Kris Kobach recently and clumsily unveiled a new way to complete one’s voter registration in Kansas: Sue the secretary of state.
In another questionable move when it comes to voters’ rights, Kobach’s office stepped in to register two Douglas County men who had filed legal action against him earlier this year.
The two citizens have challenged the legality of Kobach’s bid to purge them and others from Kansas’ suspended voters list, which once included 36,000 names.
Don’t misconstrue Kobach’s actions as a conciliatory move. They are clearly intended to head off a judge’s ruling that could topple one of the secretary of state’s signature efforts to make voting more difficult in Kansas.
Kobach has filed a motion asking a federal court to dismiss the lawsuit brought by the two men whom he just registered, arguing that they have no legal standing anymore because they “suffer no current injury.”
Will Lawrence, an attorney for the men, aptly summed things up this way: “Obviously we are happy that our two clients are registered to vote, but it’s more than these two individuals who are being affected. If Kobach can just go in and get this done, why not do this for everyone?”
Good question. If the Republican secretary of state is so intent on making sure people eligible to vote can do so, why can’t his office work a little harder to get as many people as possible off the suspended voters list?

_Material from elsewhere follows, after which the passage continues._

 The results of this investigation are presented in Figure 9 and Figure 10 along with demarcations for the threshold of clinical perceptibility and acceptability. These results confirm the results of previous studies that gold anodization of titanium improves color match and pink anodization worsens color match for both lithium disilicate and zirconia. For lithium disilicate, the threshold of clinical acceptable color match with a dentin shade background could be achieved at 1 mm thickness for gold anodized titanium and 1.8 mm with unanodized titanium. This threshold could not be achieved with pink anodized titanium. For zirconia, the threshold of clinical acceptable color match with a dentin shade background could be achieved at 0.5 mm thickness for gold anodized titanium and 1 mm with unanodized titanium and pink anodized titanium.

Sadly, Kobach’s demagoguery on this issue makes it appear he would be happy if his threats and bullying kept certain people — especially students, minorities, low-income citizens and Democrats — out of the voting booth.
Kobach helped create the suspended voters list that contains the names of people who couldn’t register to vote because they didn’t have all the paperwork the state required, especially proof of citizenship such as with a birth certificate or passport.

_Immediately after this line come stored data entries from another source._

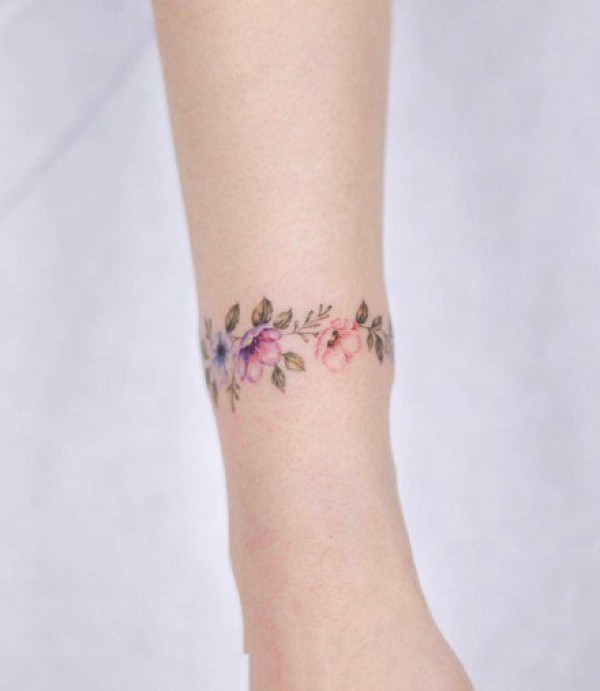 环绕手腕的小清新花环手环纹身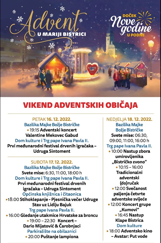 Četvrti vikend Adventa u Mariji Bistrici obilježit će tradicionalno puštanje lampiona, koncerti, adventski (do)ručak…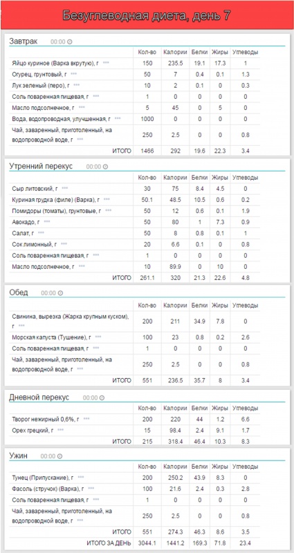 - Количество потребляемых углеводов сокращается от 0 до 30 грамм в день.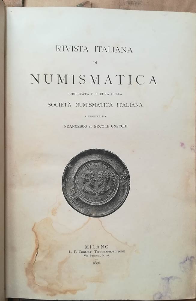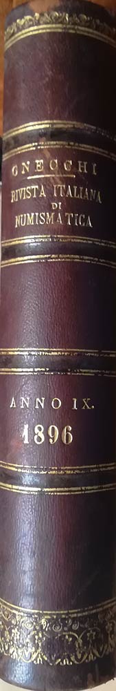 AA.VV. Rivista Italiana di Numismatica 1896 - GNECCHI Francesco, Appunti di Numismatica romana - CAPOBIANCHI Vincenzo, Il Denaro Pavese - RUGGERO Giuseppe, Annotazioni Numismatiche Genovesi - CIANI Giorgio, Frinco e Messerano monete inedite - MORSOLIN Bernardo, Una medaglia satirica - MOTTA Emilio, Documenti Viscontei Sforzeschi - AMBROSOLI Solone, Bibliografia numismatica di Giangiacomo De Medici - GNECCHI Francesco, Appunti di Numismatica romana - LISINI A. , Medaglie di zecche Italiane - RICCI Serafini, Il ripostiglio consolare - MOTTA Emilio, Documenti Viscontei Sforzeschi - GNECCHI Francesco, Appunti di Numismatica romana - PAPADOPOLI Nicolò, Monete Italiane inedite della raccolta Papadopoli - RUGGERO Giuseppe, Annotazioni Numismatiche Italiane - RUGGERO Giuseppe, Annotazioni Numismatiche Genovesi - OSTERMAN Valentino, Di un ritrovo di monete Veneziane Veronesi e Trentine - MOTTA Emilio, Documenti Viscontei Sforzeschi - GNECCHI Francesco, Appunti di Numismatica romana - DATTARI G. , Monete dei Nomi delle antiche province e città dell'Egitto - AMBROSOLI Solone, Di un singolare cavallotto al tipo Bellinzonese - FRATI Luigi, Di un Ducato doro inedito di Leone X coniato a Bologna - MORSOLIN Bernardo, Medaglia in onore di Callisto VI - MORSOLIN Bernardo, Medaglie commemorative coniate durante il Dogato di Venezia - RIZZOLI Luigi, Sigillo di Rinaldo degli Scrovegni - KUNZ Carlo, Jacopo III Mandelli Conte di Maccagno e le sue monete. Annata completa. Pp. 524, tavv. 9. Rilegatura in mezza pelle marrone e scritte e fregi in oro al dorso

That conflicts with federal law, which requires states to make registration forms available at motor vehicle offices. Those forms don’t require the proof of citizenship.

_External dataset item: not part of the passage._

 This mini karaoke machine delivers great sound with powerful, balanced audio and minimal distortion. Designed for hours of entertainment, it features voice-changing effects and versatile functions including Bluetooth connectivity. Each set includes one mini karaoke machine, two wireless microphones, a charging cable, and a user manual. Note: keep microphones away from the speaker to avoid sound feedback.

Elected officials should not be trying to make voting more difficult for citizens. Kobach has tried to justify his actions by pointing to the possibility of voter fraud occurring in the state.
However, he has been unable to document many cases despite months of looking for them. And that’s despite his new powers, provided by the Republican-controlled Legislature, to prosecute voter fraud.
The legal system needs to rein in the abuse Kobach is trying to inflict on voter registration in Kansas. The judge should not dismiss the most recent case. Instead, it needs to serve as an example of how Kobach’s attempt to manipulate voters’ right will not be allowed to succeed.